Formation of bis(3,5-dichloro-4-hydroxyphenyl)methane. (i) Experiment I. In order to study the formation of bis(3,5-dichloro-4-hydroxyphenyl)methane, 3,5-dichloro-4-hydroxybenzyl alcohol (0.1 g/liter) was incubated with deuterated 2,6-dichlorophenol. Otherwise the composition of the medium was identical to that described for the biotransformation experiments. The incubations of 100 ml of medium in 250-ml serum bottles were inoculated with 1.00 g of wet WS-sludge, stoppered, flushed, and incubated as referred to above. Two times per week, a concentrated solution of deuterated 2,6-dichlorophenol was added to the incubations, providing a final concentration of 5 mg per liter. Triplicate incubated bottles were sacrificed for analysis two times per week and analyzed for concentrations of 3,5-dichloro-4-hydroxybenzyl alcohol, deuterated 2,6-dichlorophenol, and adduct with and without incorporated deuterium label.

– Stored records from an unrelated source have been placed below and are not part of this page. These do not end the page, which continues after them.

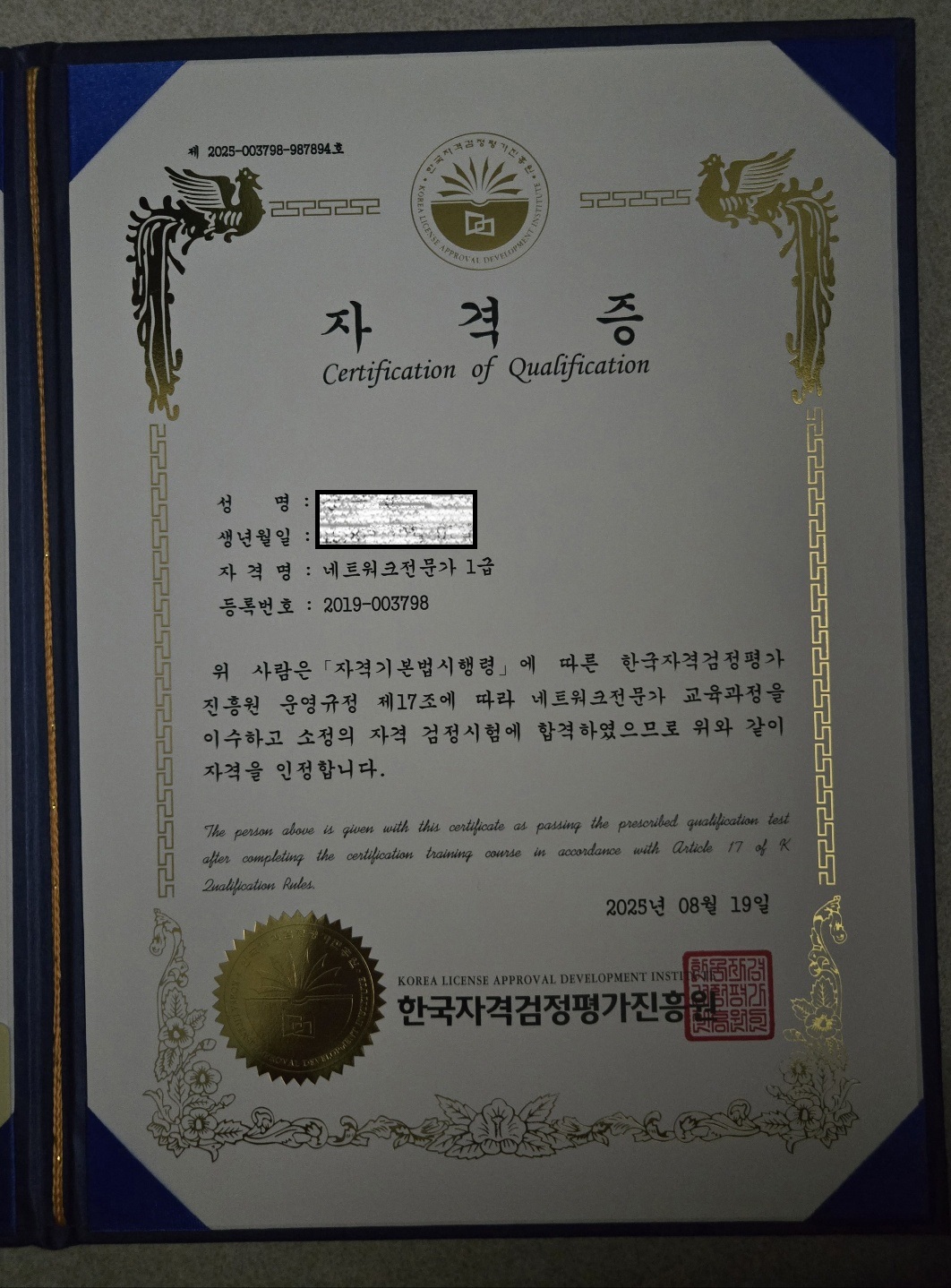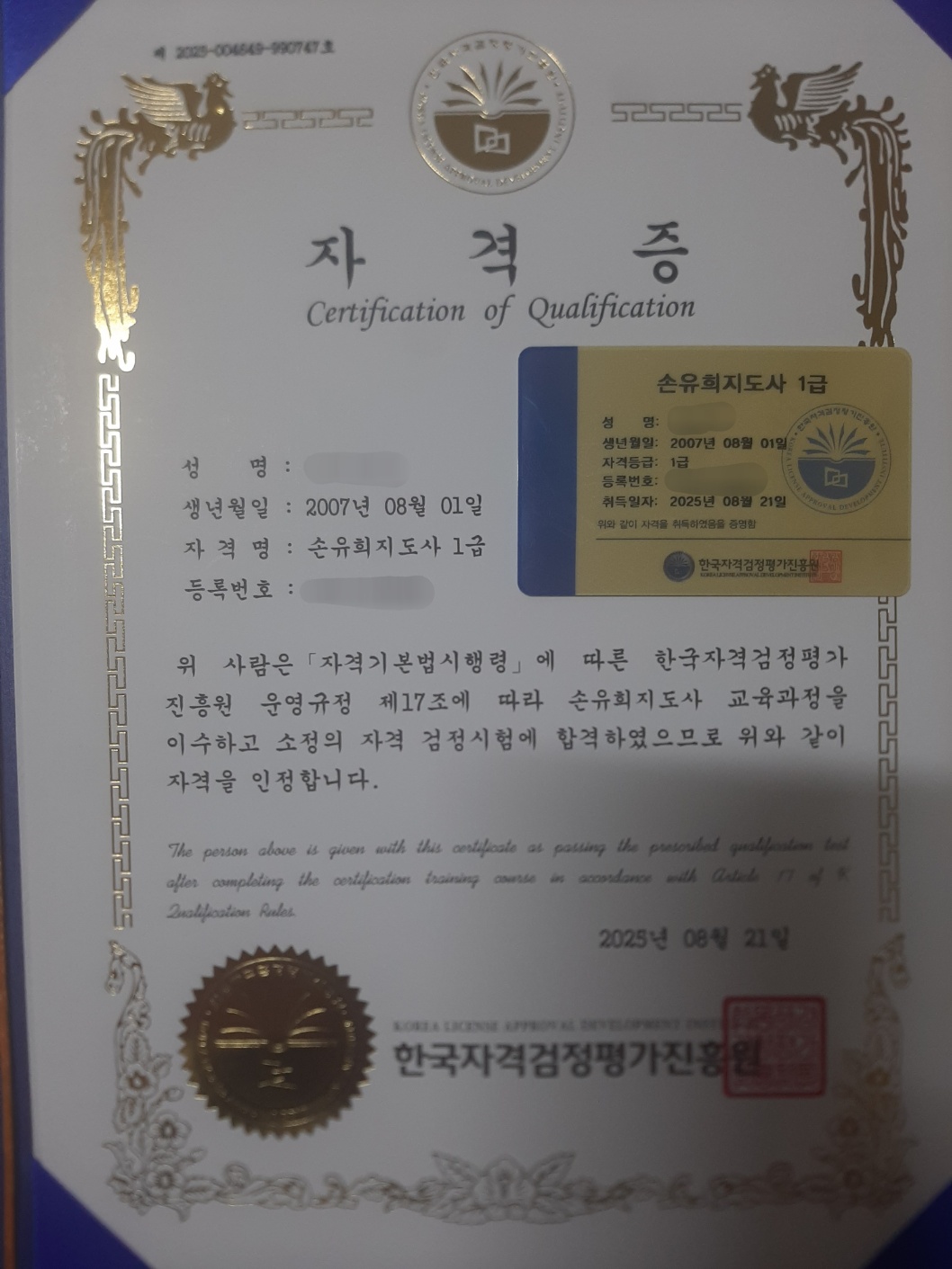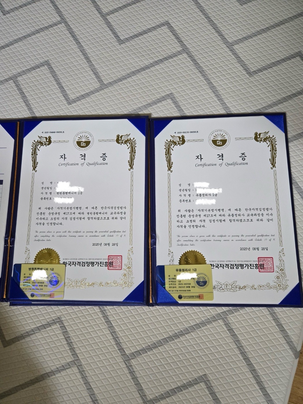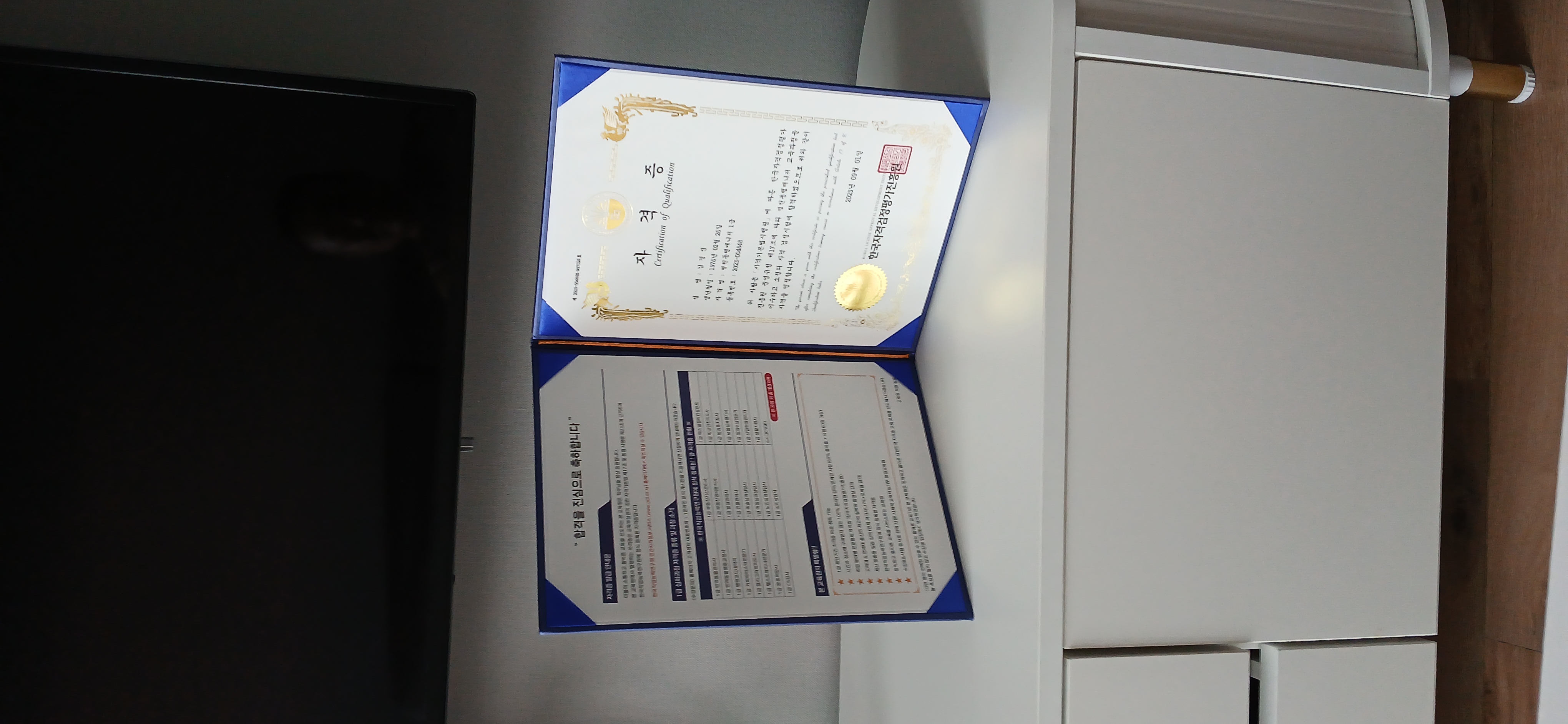 오전에알바끝나고하루한번씩강의들은게거의한달된거같아시험쳤더니 덜컥합격해버렸네요.놀라면서도사실넘기뻤어요.이나이에자격증땄다니깐주변에서다들칭찬해주시고기분엄청좋아요.무엇보다자격증집에도착되서보니제법멋있더라구요.다른거또도전해서계속시도해보려합니다.늦은거같았는데 이제시작이네요.여러분도홧팅입니다.
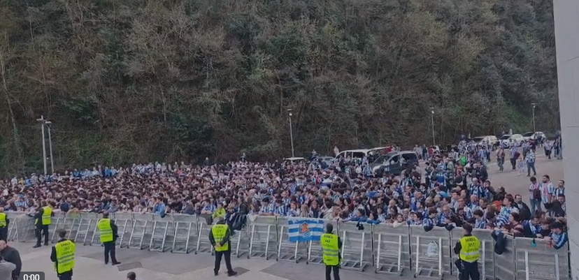 En las horas previas al encuentro, varios grupos de aficionados del Real Sociedad también se han acercado a los aledaños del Reale Arena para recibir a su equipo a la llegada del autobús. Entre bengalas de color, cánticos y bufandas al viento, la hinchada txuri-urdin ha querido hacer sentir a los suyos el respaldo antes de una noche decisiva, generando una atmósfera de empuje que añade aún más intensidad a la semifinal.
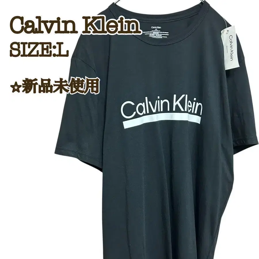 [ 새상품 ] 캘빈클라인 T셔츠 L 블랙 센터 로고 언더라인
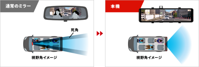 通常ミラーと同じような画角で違和感なく見ることが出来ます!
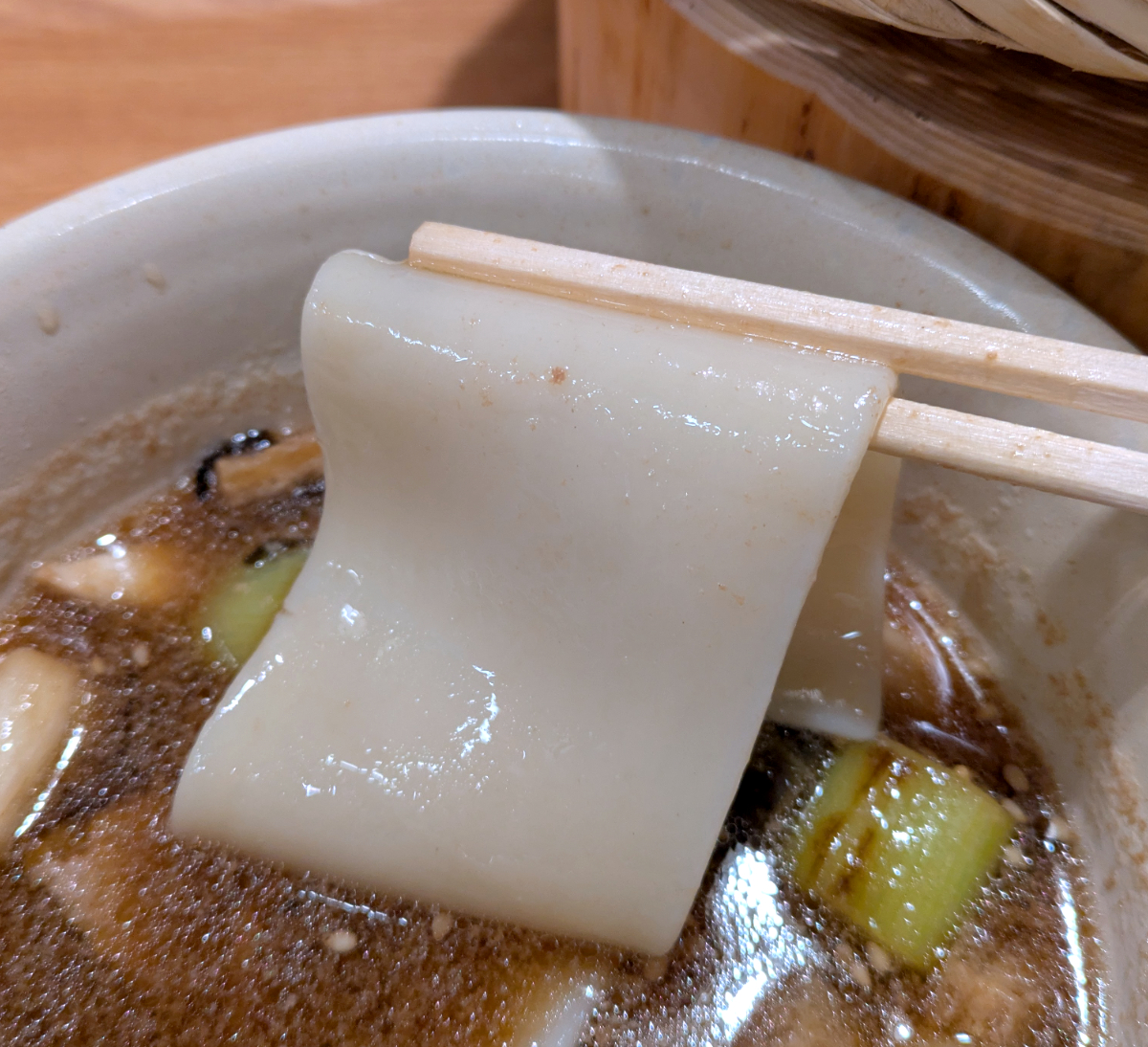 続いて武蔵野の方の一反木麺もいただく。こちらは歯ざわりよりも平打ちらしい、ビロビロとした食感を楽しむべきかも。汁をまとった麺の口当たりが心地よい。

(ii) Experiment II. In a subsequent experiment, 3,5-dichloro-p-anisyl alcohol (0.25 g per liter) and 3,5-dichloro-4-hydroxybenzyl alcohol (0.25 g per liter) were separately incubated with living and autoclaved WS-sludge under anaerobic and aerobic conditions as well as sequential anaerobic-aerobic conditions. The composition of the medium was the same as that in the biotransformation experiments. The medium (100 ml in 250-ml serum bottles) was inoculated with 1.00 g of wet WS-sludge, stoppered with n-butyl stoppers, and made anaerobic by flushing with 70/30 N2-CO2. Half of the bottles were autoclaved two times on subsequent days for 1 h at 121°C. All bottles were incubated on a rotary shaker (100 rpm) at 30°C in the dark. The bottles that were incubated aerobically were injected with 50 ml of pure O2. Control bottles with test compound but lacking sludge were incubated in parallel and were harvested as controls. After 10 days of incubation, half of the bottles initially incubated anaerobically with living and autoclaved sludge were aerated by injection of 50 ml of pure O2 per bottle, after which, bottles were incubated again for 6 weeks. At the time of sampling, bottles were sacrificed in duplicate for analyses of all chlorinated compounds present.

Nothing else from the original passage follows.